(Data listing)
■ ■ ■ ■ ■

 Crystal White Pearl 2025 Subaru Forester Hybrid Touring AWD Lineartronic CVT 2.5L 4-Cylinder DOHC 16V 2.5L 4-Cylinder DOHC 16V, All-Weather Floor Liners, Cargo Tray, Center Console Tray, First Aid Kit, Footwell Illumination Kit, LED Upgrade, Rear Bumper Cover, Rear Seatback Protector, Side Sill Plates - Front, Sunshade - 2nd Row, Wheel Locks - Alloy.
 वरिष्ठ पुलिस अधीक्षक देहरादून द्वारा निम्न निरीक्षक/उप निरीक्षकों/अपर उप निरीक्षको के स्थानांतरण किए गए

■ ■ ■ ■ ■

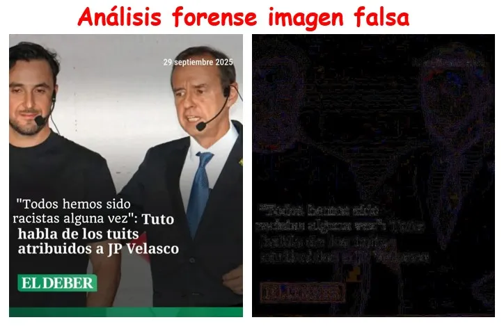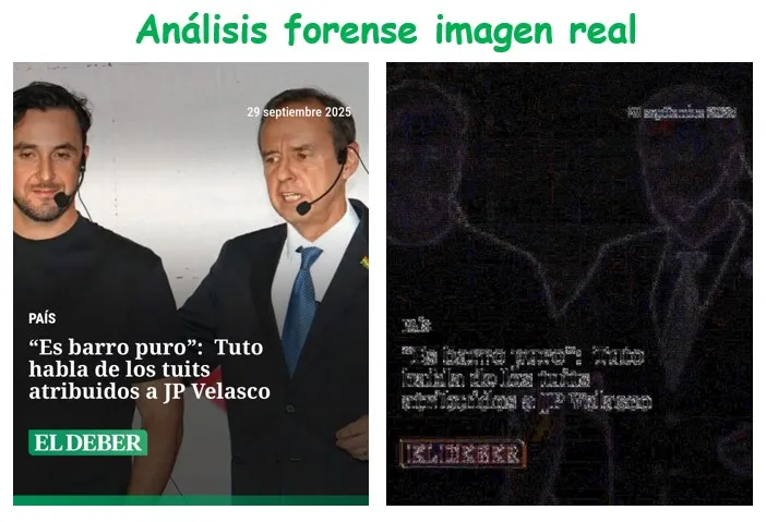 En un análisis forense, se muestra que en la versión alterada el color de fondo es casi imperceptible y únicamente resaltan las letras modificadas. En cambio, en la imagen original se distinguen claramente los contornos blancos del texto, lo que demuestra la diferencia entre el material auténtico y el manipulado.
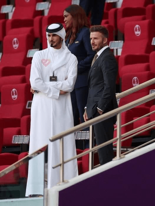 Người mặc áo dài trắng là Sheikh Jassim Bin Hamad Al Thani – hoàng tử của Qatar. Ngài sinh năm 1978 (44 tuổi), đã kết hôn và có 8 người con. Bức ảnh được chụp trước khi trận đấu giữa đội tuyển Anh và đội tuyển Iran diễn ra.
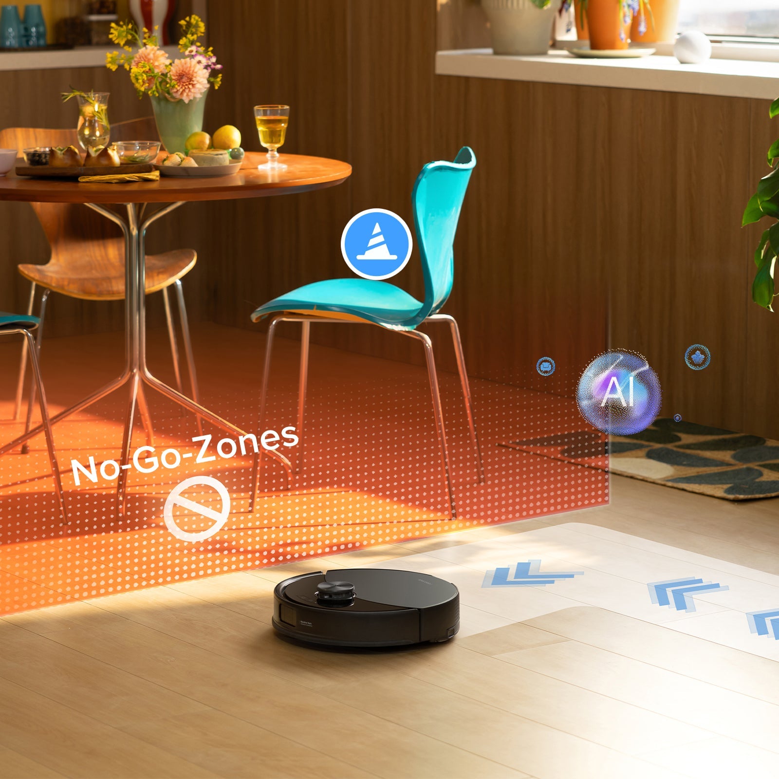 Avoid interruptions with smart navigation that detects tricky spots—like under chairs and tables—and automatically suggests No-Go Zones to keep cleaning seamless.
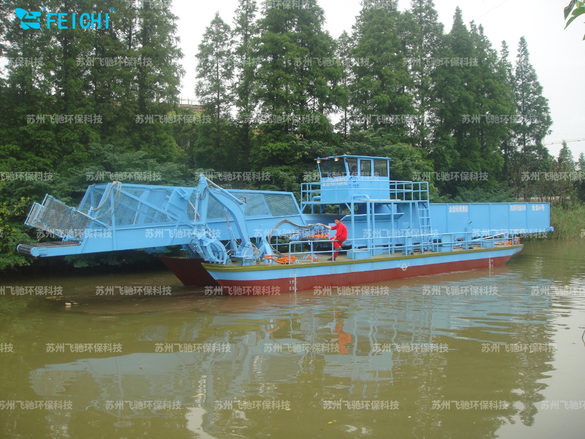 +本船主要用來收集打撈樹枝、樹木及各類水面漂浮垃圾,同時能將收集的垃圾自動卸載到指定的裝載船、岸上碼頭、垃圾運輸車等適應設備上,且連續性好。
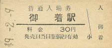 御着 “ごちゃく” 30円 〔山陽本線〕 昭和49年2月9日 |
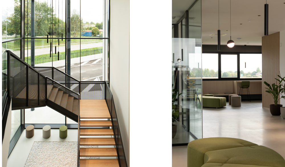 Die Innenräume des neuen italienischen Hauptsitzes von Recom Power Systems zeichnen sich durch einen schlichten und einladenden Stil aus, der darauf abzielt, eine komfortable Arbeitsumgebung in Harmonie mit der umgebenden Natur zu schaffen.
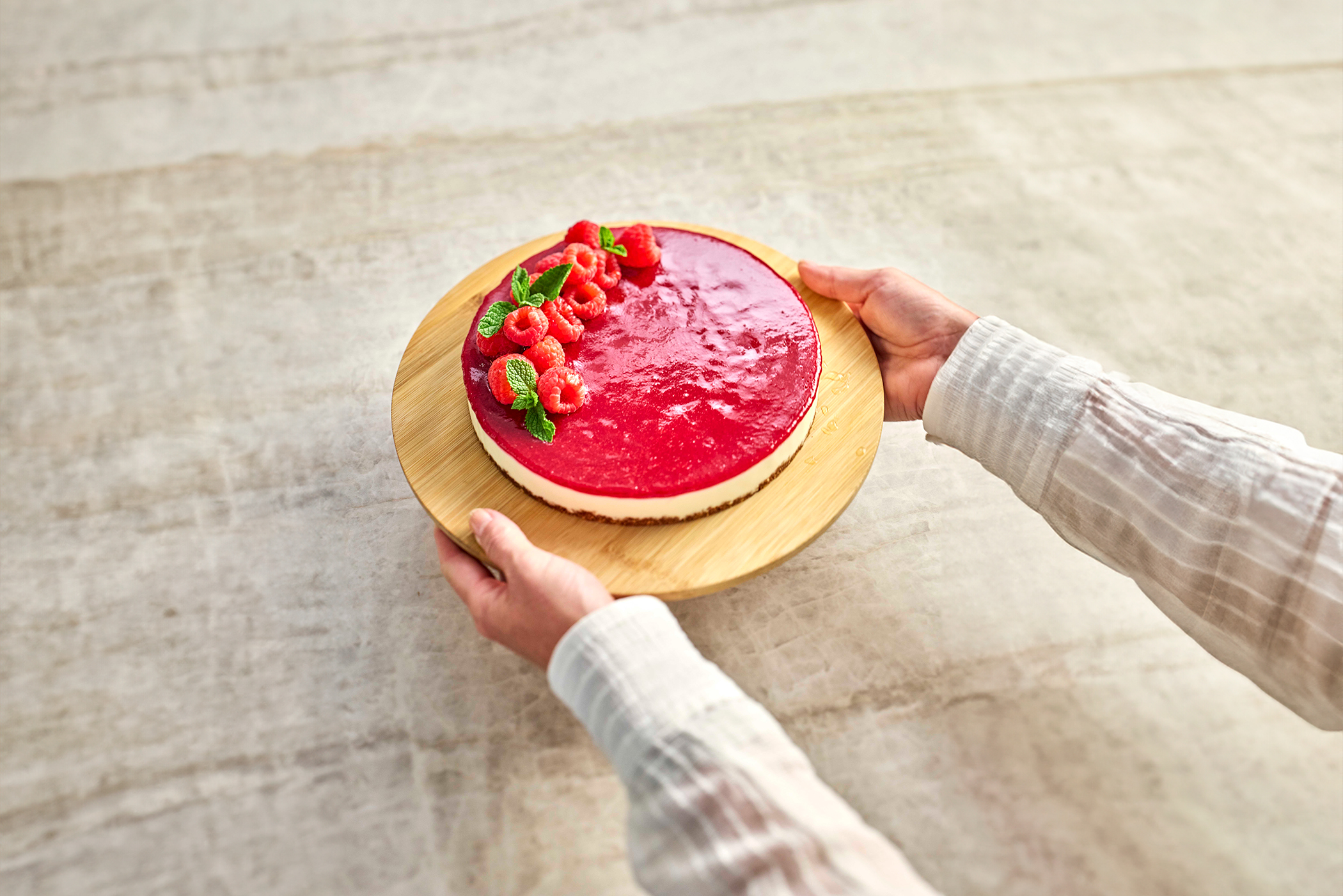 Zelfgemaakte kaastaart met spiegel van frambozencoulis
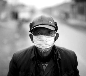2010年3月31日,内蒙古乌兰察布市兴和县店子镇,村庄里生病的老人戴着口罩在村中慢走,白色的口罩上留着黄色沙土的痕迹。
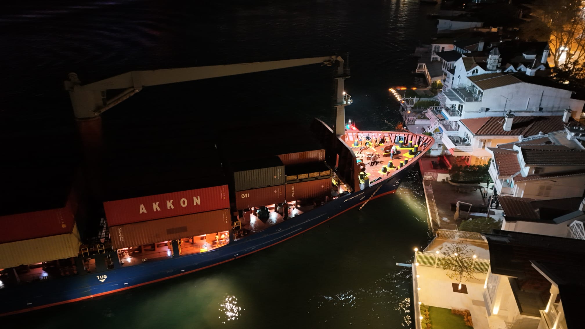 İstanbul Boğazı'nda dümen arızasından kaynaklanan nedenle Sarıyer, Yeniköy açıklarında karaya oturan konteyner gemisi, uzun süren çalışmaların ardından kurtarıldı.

■ ■ ■ ■ ■

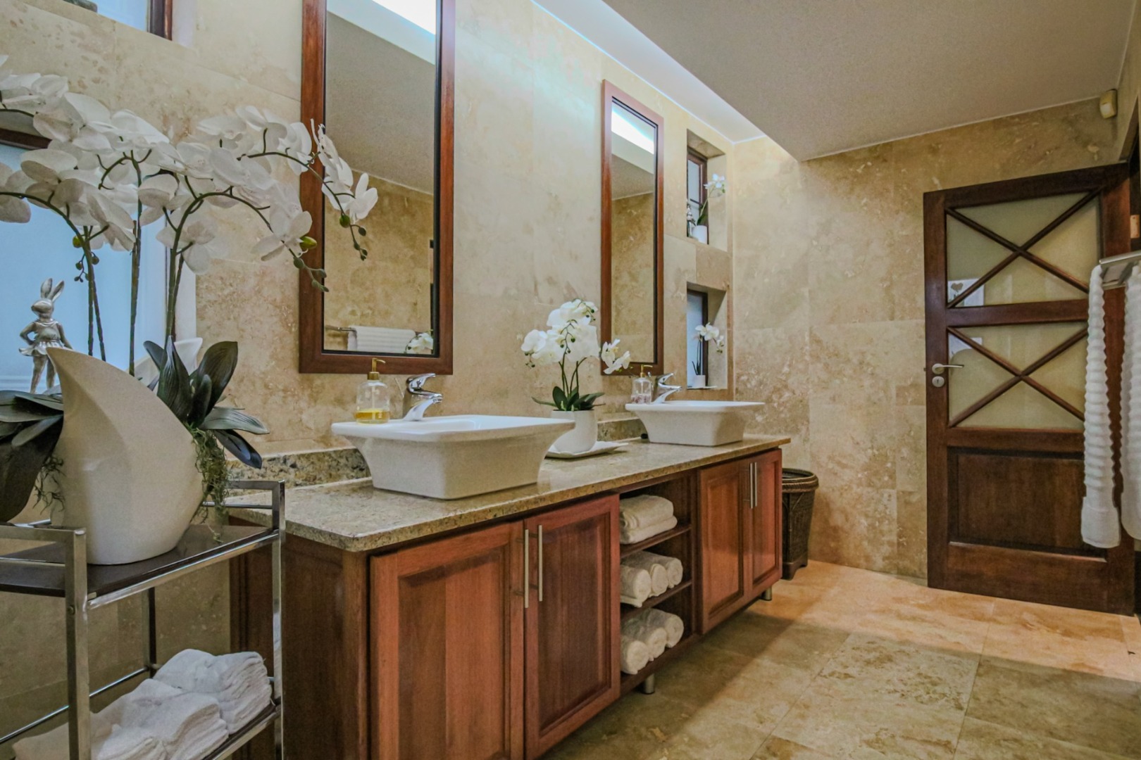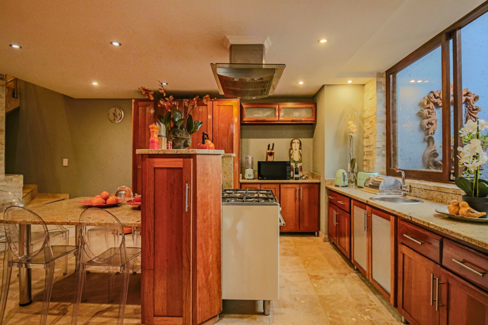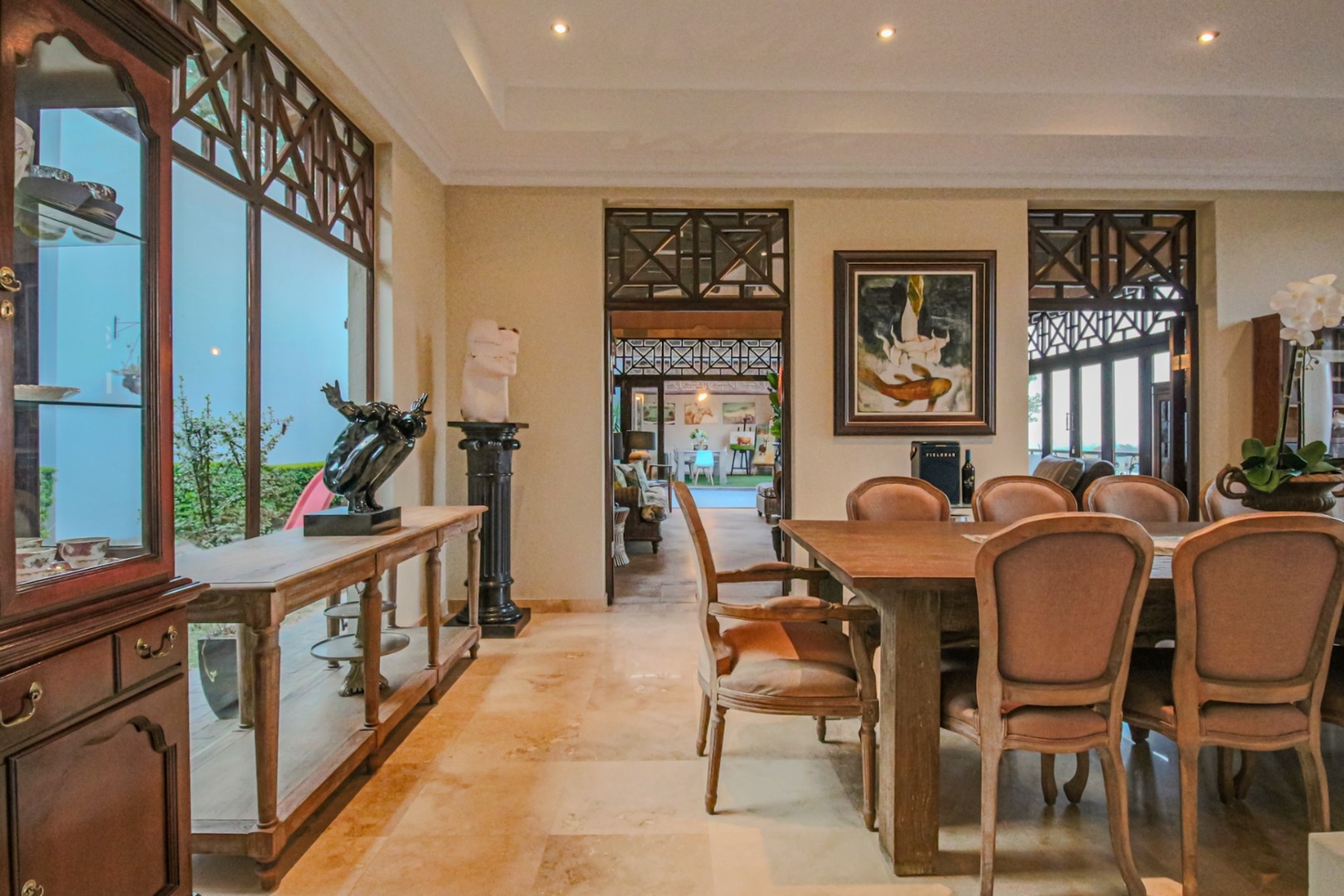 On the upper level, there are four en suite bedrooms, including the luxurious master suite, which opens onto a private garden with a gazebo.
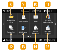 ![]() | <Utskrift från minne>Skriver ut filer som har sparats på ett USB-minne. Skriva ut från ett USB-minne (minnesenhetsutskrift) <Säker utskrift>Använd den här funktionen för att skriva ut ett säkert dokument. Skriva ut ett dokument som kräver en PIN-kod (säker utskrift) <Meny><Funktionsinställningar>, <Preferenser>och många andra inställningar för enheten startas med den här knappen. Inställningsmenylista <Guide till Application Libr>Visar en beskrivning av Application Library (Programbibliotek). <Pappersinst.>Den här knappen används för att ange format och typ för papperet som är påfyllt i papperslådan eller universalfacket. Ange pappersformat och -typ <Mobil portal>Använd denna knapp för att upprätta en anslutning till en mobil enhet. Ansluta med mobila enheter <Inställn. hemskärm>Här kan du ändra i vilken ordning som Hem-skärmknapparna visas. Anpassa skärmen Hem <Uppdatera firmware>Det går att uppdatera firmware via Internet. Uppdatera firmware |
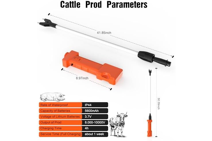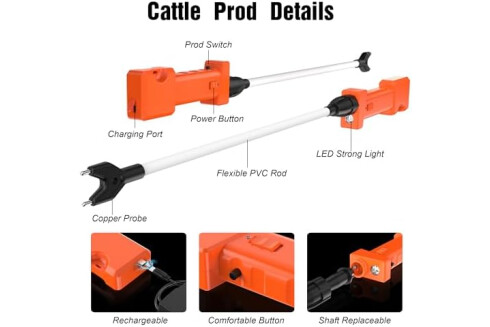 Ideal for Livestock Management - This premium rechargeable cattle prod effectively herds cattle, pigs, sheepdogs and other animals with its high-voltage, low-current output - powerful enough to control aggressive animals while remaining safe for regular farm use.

■ ■ ■ ■ ■

(The problem) Out of the material above, output word for word the line with "Crystal White Pearl", the line with "वरिष्ठ पुलिस अधीक्षक", and all lines between them, with nothing else.

(Task output)
 Crystal White Pearl 2025 Subaru Forester Hybrid Touring AWD Lineartronic CVT 2.5L 4-Cylinder DOHC 16V 2.5L 4-Cylinder DOHC 16V, All-Weather Floor Liners, Cargo Tray, Center Console Tray, First Aid Kit, Footwell Illumination Kit, LED Upgrade, Rear Bumper Cover, Rear Seatback Protector, Side Sill Plates - Front, Sunshade - 2nd Row, Wheel Locks - Alloy.
 वरिष्ठ पुलिस अधीक्षक देहरादून द्वारा निम्न निरीक्षक/उप निरीक्षकों/अपर उप निरीक्षको के स्थानांतरण किए गए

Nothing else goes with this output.